As it so happens the world didnt end in 2012 (a fact i hope you are all aware of by now, if not…) and sometimes i question wether it would have been better or not. In the end i conclude that it is better this way, At-least i can try to live out my dreams and better myself to one day help better others.
My life has been a constant uphill battle, and now that i have made it to the top i look back and realize that the victory was a product of loneliness. There were so many others still struggling to climb.
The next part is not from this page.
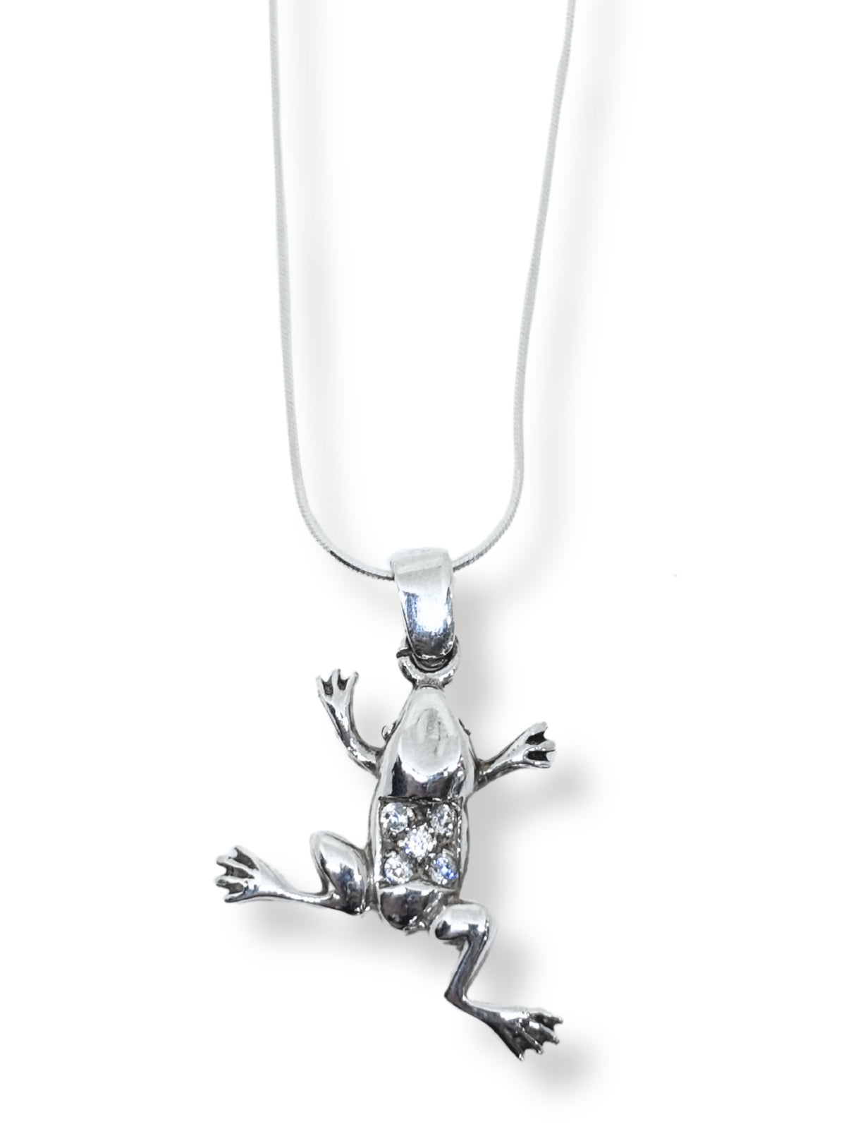 Beyaz Işıltılı Kurbağa Gümüş Kadın Kolye
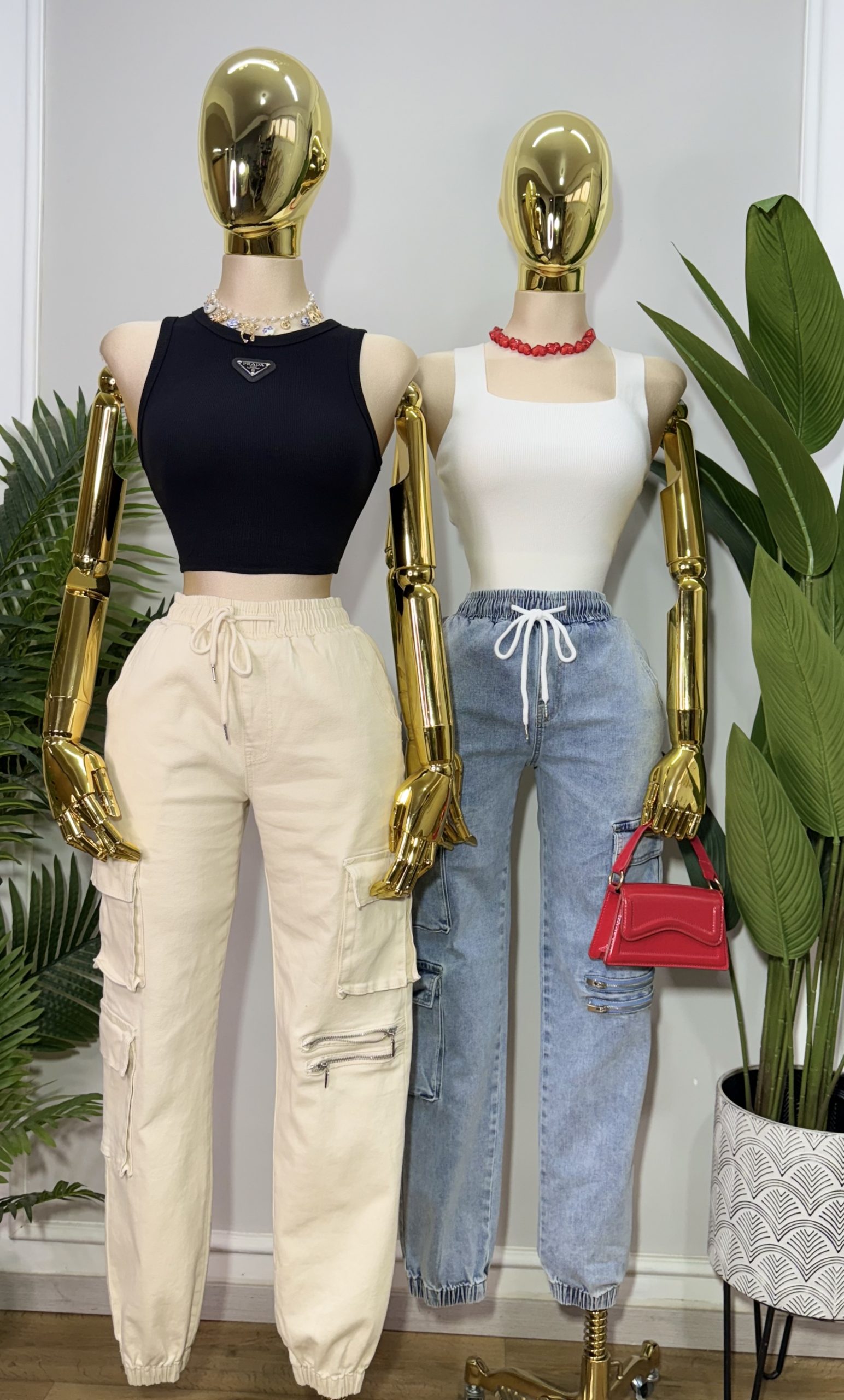 Jeans corte tipo jogger con elástico en tobillos y cintura con jareta para mejor ajuste. Confeccionado en mezclilla con stretch de excelente calidad. múltiples bolsillos funcionales y cierres metálicos en pierna. Estilo urbano y funcional, cómodo y versátil.

I took the leap and now i am trying to help others to the top, and it kills me. Not may want to make it. I feel like they only climb to leap. They continue on in hopes that something some where will hurl them from the face of the cliff, to spiral down and finally diminish. i fear i cannot continue helping others, but im still out there trying. and as i said before it is hard. To not only be what they need/ are looking for and still remain myself. My abrasive defensive nature scares them off or disgusts them, but i dont know any other way to be. i have my own struggles too, as i said i only just made it to the top, the road may be flat but it still slopes a little. At first glance its not noticeable, but it is there.
The pot holes hurt my feet the most, the small unnoticeable holes in my road that you cant see until you have sunk in. i fear they hurt worse than legos.
i have found one singular reason to continue, as cliche as it is, there is a girl. and i know she wont climb without the others, in the end if i manage to help anyone: the credit is all hers.
but yeah, i feel good about making it another year without going postal (prisons suck i assume) But it only means there is another year to fight through ~ ShatteredGlass
2 comments
#np Taylor Swift-Everything has change <3
Trying to help others while suffering yourself is difficult and I have personal experience with this. Your abrasive defensive nature can soften in time. Mine did. At first it sucked allowing myself to be publically and openly vulnerable because I felt like a turtle without a shell getting poked and prodded constantly. But from those wounds, you will develop a different sense of self where the shell you needed disappears as you find you can be like water and let the negativity of others pass through you as you continue to help others. Though it is a difficult teaching for men to understand: showing vulnerability is showing strength. Unconditional love and acceptance of others is the only foundation for truly helping others.